The position has changed minimally and in Societa Italiana Vetro v Commission Cases T-68, and 78/89  5 CMLR 302 is was held that where the three Italian glass makers had a collective dominant position as they presented themselves to the market as one unilateral commercial entity. Here we see that this is one definition of a type of a dominant position. On a side note the Court of the First instance said:
“There is nothing, in principle, to prevent two or more independent economic entities from being, on a specific market, united by such economic links that, by virtue of that fact, together they hold a dominant position vis-a-vis the same market.”
This is a very helpful statement from the Court of the First Instance and it shows that the courts take a creative approach to defining what a dominant position is. Even if a company tries to disassociate itself from compatriots with whom they indeed have links this does not prevent a finding of a dominant position provided, the court establishes that there is a specific market and both companies have economic ties with each other.
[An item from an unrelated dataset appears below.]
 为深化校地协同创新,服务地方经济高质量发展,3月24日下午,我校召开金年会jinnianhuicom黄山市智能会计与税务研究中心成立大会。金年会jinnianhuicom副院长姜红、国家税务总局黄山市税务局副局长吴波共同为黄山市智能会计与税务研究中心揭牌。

In Municipality of Amelo v NV Energiebedriff Ijsselmij Case C-393/92  ECR I -1477 the European Court held on a preliminary reference, that where an undertaking has a non-exclusive concession in a single area of a member state will not be in a dominant position. In this case the undertaking was IJM who held a non-exclusive concession given by the Dutch Government, which allowed it to distribute electricity in country areas directly in a specific part. IJM also provided electricity for local distributors in inner city areas. The local distributors had to purchase their electricity from IJM because of an exclusive possession clause and had to pay a charge to cater for differences in supplying in both inner city and country areas. The challenge from the local distributors was brought as they felt Art 82 had been breached.
The definition of dominance cannot be broached competently without looking at what the relevant market actually is. The Commission’s 1997 Notice on Relevant Product Markets defined it as
‘… All those products and/or services which are regarded as interchangeable or substitutable by the consumer, by reason of the product’s characteristics, their price and their intended use’.
Case law has elaborated on this definition. With reference to the ‘interchangeability or substitutability’ the European court in Michelin v Commission Case 322/81  ECR 3461 said:
‘… For the purposes of investigating the possibly dominant position of an undertaking on a given market, the possibilities of competition must be judged in the context of the market compromising the totality of the products which, with respect to their characteristics, are particularly suitable for satisfying constant needs and are only to a limited extent interchangeable with other products.’
The European Court felt that the original-equipment tyres concerned were not part of the Relevant Product Market because the demand came from car manufacturers who were governed by different rules and factors. The court also held that car and van tyres were not interchangeable. In addition the court held that there was no elasticity of supply in the midst of tyres for heavy vehicles and car tyres due to the significant differences in production techniques and manufacture. Court went on to agree with the definition of a Relevant Product Market the Commission gave. Here the Commission had pursued Michelin for breaching Art 82 by giving discounts on tyre sales, which were not related to the objective differences in the costs. The Commission felt Michelin was attempting to tie customers to them. We can see the courts take a very in depth approach to defining a dominant position.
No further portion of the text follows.